| Material provided |
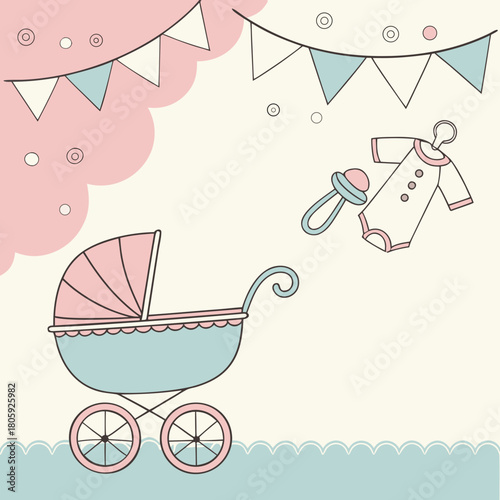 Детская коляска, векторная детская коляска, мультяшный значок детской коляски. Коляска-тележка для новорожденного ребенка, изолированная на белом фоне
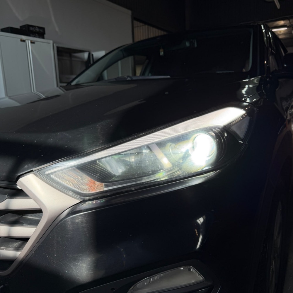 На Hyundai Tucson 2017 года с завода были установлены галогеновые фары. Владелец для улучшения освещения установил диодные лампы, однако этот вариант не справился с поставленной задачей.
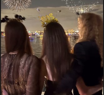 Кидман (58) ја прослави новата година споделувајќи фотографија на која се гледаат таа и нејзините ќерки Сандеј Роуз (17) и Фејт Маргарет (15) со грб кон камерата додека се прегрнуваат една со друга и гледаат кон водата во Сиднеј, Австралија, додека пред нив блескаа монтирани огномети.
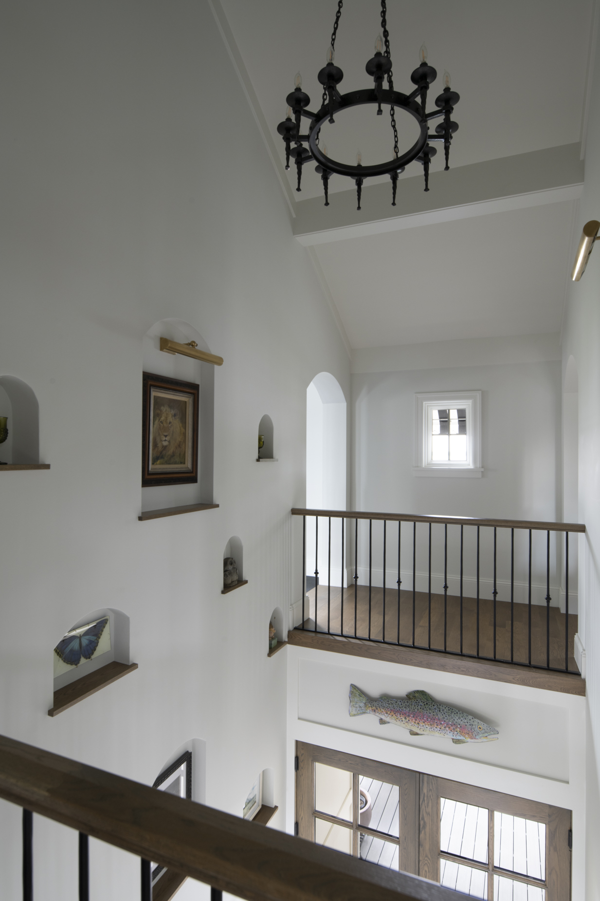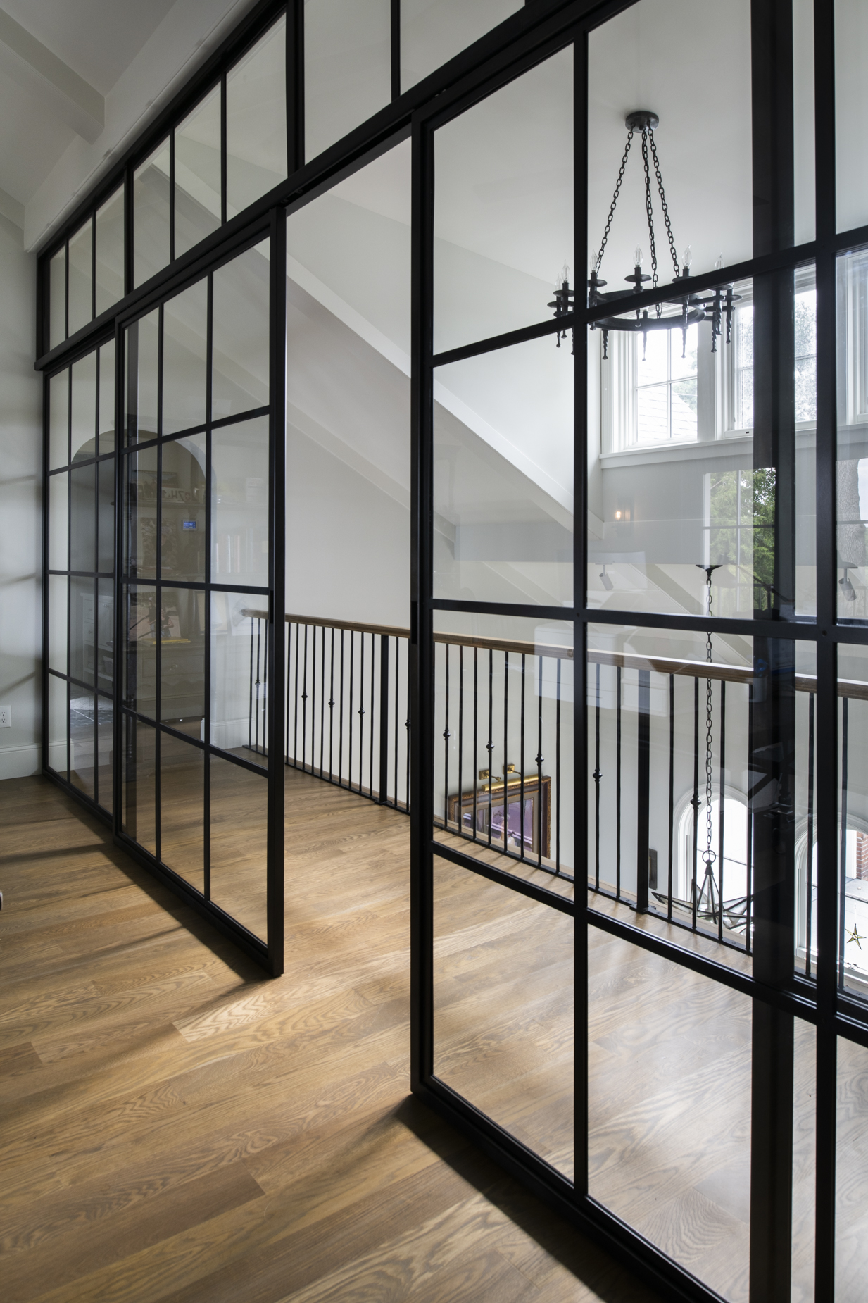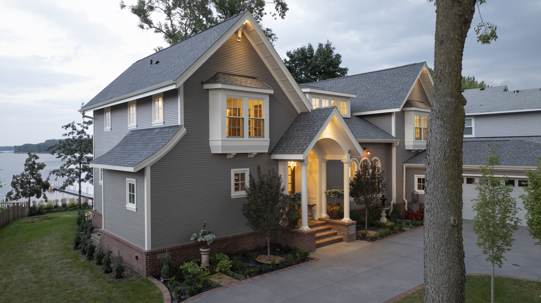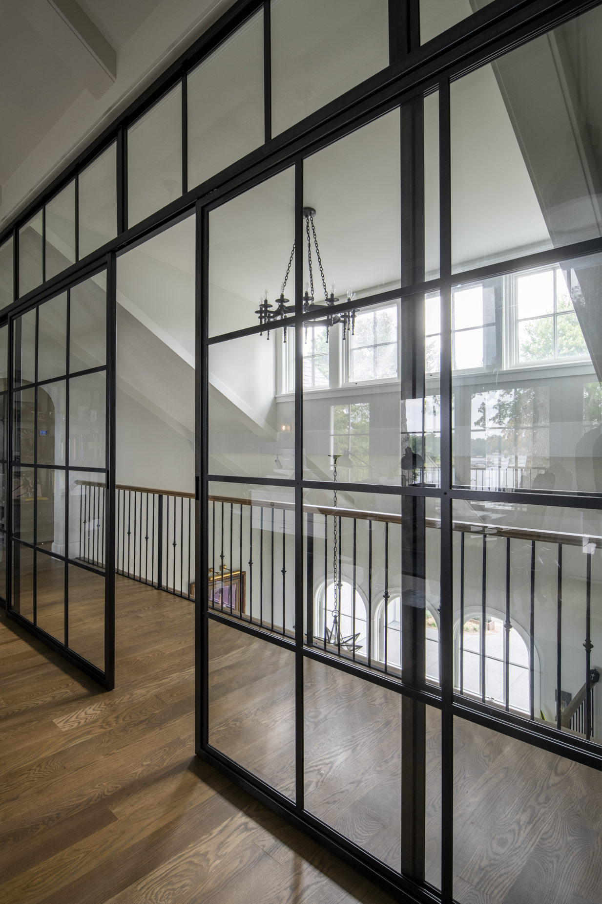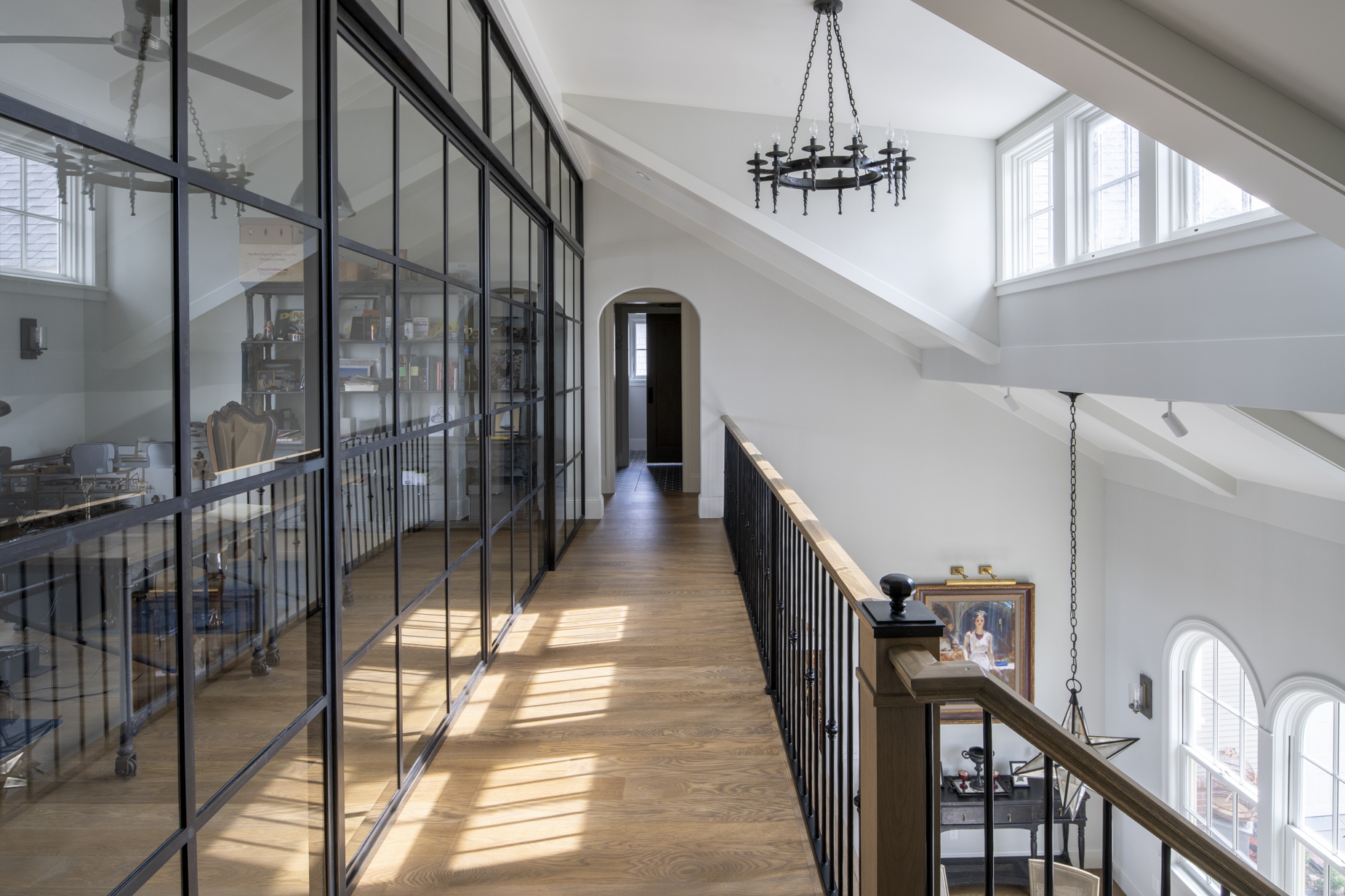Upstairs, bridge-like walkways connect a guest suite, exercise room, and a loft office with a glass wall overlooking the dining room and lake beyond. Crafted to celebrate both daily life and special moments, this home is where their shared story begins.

==

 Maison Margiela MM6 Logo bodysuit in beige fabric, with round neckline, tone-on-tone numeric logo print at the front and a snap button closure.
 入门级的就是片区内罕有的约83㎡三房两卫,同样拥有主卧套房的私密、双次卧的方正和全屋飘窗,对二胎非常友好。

* * *

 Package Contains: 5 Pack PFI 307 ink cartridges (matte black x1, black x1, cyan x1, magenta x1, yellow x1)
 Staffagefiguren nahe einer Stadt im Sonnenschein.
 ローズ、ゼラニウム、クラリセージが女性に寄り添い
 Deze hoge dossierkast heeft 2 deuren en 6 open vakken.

| What you should do |
The reply should hold exactly the lines above, starting at the line with "Детская коляска, векторная" and ending at the line with "На Hyundai Tucson", and no pictures.

| Response for this exercise |
 Детская коляска, векторная детская коляска, мультяшный значок детской коляски. Коляска-тележка для новорожденного ребенка, изолированная на белом фоне
 На Hyundai Tucson 2017 года с завода были установлены галогеновые фары. Владелец для улучшения освещения установил диодные лампы, однако этот вариант не справился с поставленной задачей.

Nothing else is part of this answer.